Radiation is a widely used therapeutic method for treating breast cancer. N-dihydrogalactochitosan (GC), a biocompatible immunostimulant, is known to enhance the effects of various treatment modalities in different tumor types. However, whether GC can enhance the radiosensitivity of cancer cells remains to be explored. In this study, triple-negative murine 4T1 breast cancer cells transduced with multi-reporter genes were implanted in immunocompetent Balb/C mice to track, dissect, and identify liver-metastatic 4T1 cells. These cells expressed cancer stem cell (CSC) -related characteristics, including the ability to form spheroids, the expression of the CD44 marker, and the increase of protein stability.
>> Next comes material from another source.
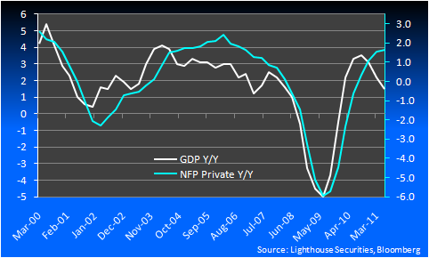 That gives some idea of just how sub-par this US recovery has been in the post-war era, especially given the extraordinary amount of stimulus. Next up, how GDP leads employment:

We then ex vivo investigated the potential effect of GC on the radiosensitivity of the liver-metastatic 4T1 breast cancer cells and compared the results to those of parental 4T1 cells subjected to the same treatment. The cells were irradiated with increased doses of X-rays with or without GC treatment. Colony formation assays were then performed to determine the survival fractions and radiosensitivity of these cells. We found that GC preferably increased the radiosensitivity of liver-metastatic 4T1 breast cancer cells rather than that of the parental cells. Additionally, the single-cell DNA electrophoresis assay (SCDEA) and γ-H2AX foci assay were performed to assess the level of double-stranded DNA breaks (DSBs). Compared to the parental cells, DNA damage was significantly increased in liver-metastatic 4T1 cells after they were treated with GC plus radiation. Further studies on apoptosis showed that this combination treatment increased the sub-G1 population of cells, but not caspase-3 cleavage, in liver-metastatic breast cancer cells. Taken together, the current data suggest that the synergistic effects of GC and irradiation might be used to enhance the efficacy of radiotherapy in treating metastatic tumors.

Highlights

  • Cancer is a leading cause of mortality, decreased quality of life, and overwhelming stress for patients, their families, and our societies [1]

  • Triple-negative breast cancer that does not express the genes for estrogen receptor (ER), progesterone receptor and human epidermal growth factor receptor 2 (HER2) is the most lethal and malignant breast cancer subtype, is notorious for its extremely high metastatic ability [2]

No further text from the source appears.